Having said all this, I am presenting to you my 16 most likely candidates to be the next bishop of Rome. Of course, I could be wrong, as we all know the saying that he who walks into a conclave a pope exits a cardinal. However, this is only partly true. While the elections of, say, Francis, John Paul II, and John Paul II were surprises, pretty much everyone expected the ascendancy of Benedict XVI, Paul VI, or Pius XII.

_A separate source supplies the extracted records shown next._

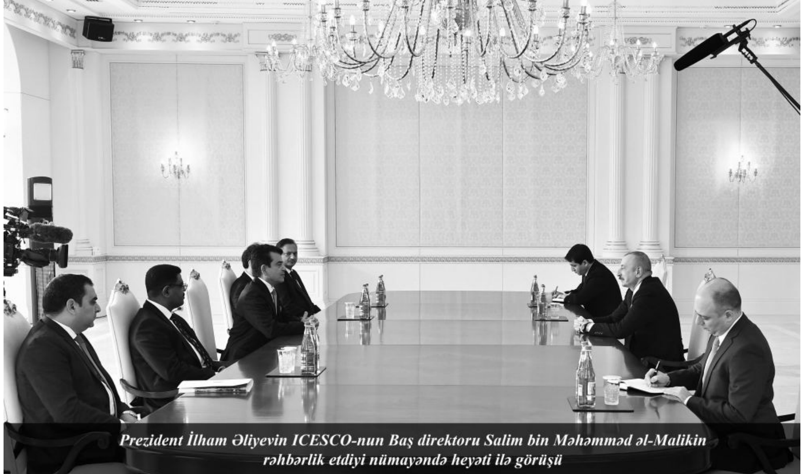
Prezident İlham Əliyevin ICESCO-nun Baş direktoru Salim bin Məhəmməd əl-Malikin rəhbərlik etdiyi nümayəndə heyəti ilə görüşü

- Xoş gəlmisiniz, Baş direktor. Hörmətli qonaqlar, xoş gəlmisiniz. Sizi görməyə çox şadam. Səfəriniz üçün, işğaldan azad edilmiş əraziləri ziyarət etmək üçün vaxt tapdığınıza görə sizə çox minnətdaram. Mənə məlumat verilmişdir ki, dünən siz müharibə zamanı Azərbaycanın işğaldan azad olunmuş şəhərlərini ziyarət etmişiniz və özünü vəziyyətin şahidi oldunuz. Hər şey tamamilə məhv edilib. Bizim bu barədə məlumatımız var idi. Çünki işğal edilmiş ərazilərdə vəziyyətlə bağlı bizdə müəyyən görüntülər var idi. Lakin səmi desəm, biz dağıntıların bu qədər geniş vüsət almasını heç təsəvvürümüzlə belə gətirə bilməzdik. Bu, onu nümayiş etdirir ki, torpaqlarımızı işğal altında saxlayan ölkə Azərbaycan mədəniyyətinin izini silmək istəyirdi. Azərbaycan xalqının irsini məhv etmək istəyirdi. Biz açıq-aydın başa düşürük ki, bu dağıntılar Birinci Qarabağ mü-
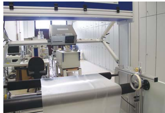
Geschwindigkeitsmessung zur Qualitätsüberwachung bei Folien
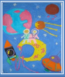
«Мир і дружба між планетами» (гуаш)
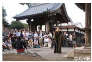
義士堂前は観客であふれた
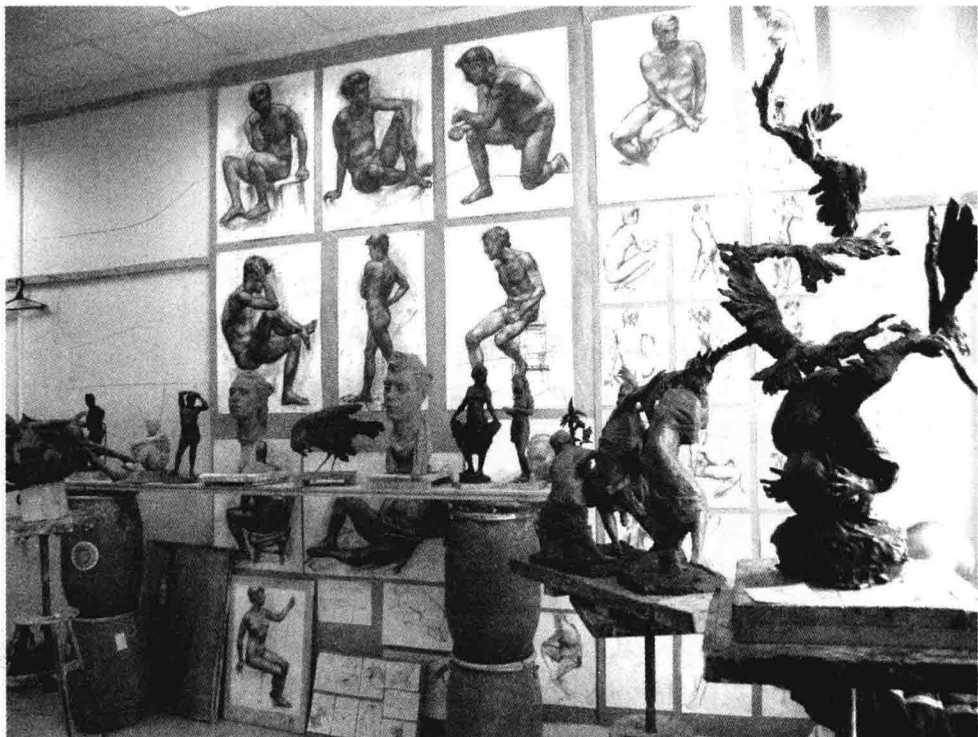
工作室教学的展示

理完善的教学目标。但是如何去确定与之相适应的教学方法、课程、教学制度，如何去有效地执行和实施，最后如何去进行全面、彻底的检测，我认为只有成熟的教学体系才能做到。展示制度正是作为这一体系的一部分发挥着重要的检测作用。它在俄罗斯的美术教学体系中被频繁地运用，其意义已经远远超过本身的作用而被演化成教学手段和管理制度渗透于日常的教学环节中。在俄罗斯的美术院校里，工作室是主要的教学单位。每个工作室都由不同年级的学生组成，工作室的教学由导师全权负责，导师的绘画风格和创作理念直接影响整个工作室的教学方向。工作室的全部课程为创作、素描、色彩。有两位助教分别负责素描和色彩课程的具体教学。其他课程被分离开工作室而成为独立的选修课或必修课。助教的工作需向导师负责。系部主要承担组织管理和相关辅助工作而不直接参与教学。校方管理层负责全校行政事务的处理，也不参与教学，校长在任期内不能主持工作室教学。对全校教学上的管理，则由权威教授组成的学术团来行使最终的调控权。我们可以从以上看到一个清楚的教学组织结构：学生—助教—导师—学术团。单元组成的关系极为简单，就是专业教学。每一个上级单元对下级单元的管理方式也很简单，就是教学检测。作品展示是他们教学检测的唯一方式。任何专业的教学都需要行之有效的管理，重点在于

1. Péter Erdő (62 years old, Hungary) Two pontificates after John Paul II, a second pope from East-Central Europe seems likely. Cardinal Erdő is a brilliant canon lawyer and theologian with great experience as a pastor. He is quite moderate, and during his speech that opened the current extraordinary synod on the family reaffirmed the Church’s teaching on denying communion to divorced and remarried Catholics, while expressing support for making the annulment process easier. His prominent role at the synod will likely increase his fellow cardinals’ familiarity with him. A multilingual man of deep faith, he grew up in a country where the Church was greatly persecuted. Therefore, his Hungarian youth may make him sensitive to the problems of Christians persecuted by, say, ISIS in Iraq. As two-term president of the Council of the Bishops’ Councils of Europe, he has been an excellent leader, and has led frequent meetings between European and African bishops, thus showing that he is not “Euro-centric”. Also, Erdő comes from a country where Christianity is emerging from the ashes of communism, which would make him more appealing than a cardinal from a West European nation that has abandoned its faith. Already last year Erdő excited many cardinals at the conclave, yet his youth (he was just 60 then) probably made them hesitant to vote for him. The main (perhaps only?) argument against Erdő’s ascendancy is, once again, youth. In two or three years he will be only 64 or 65. Does that entail an excessively long pontificate, and will this turn off his fellow cardinals?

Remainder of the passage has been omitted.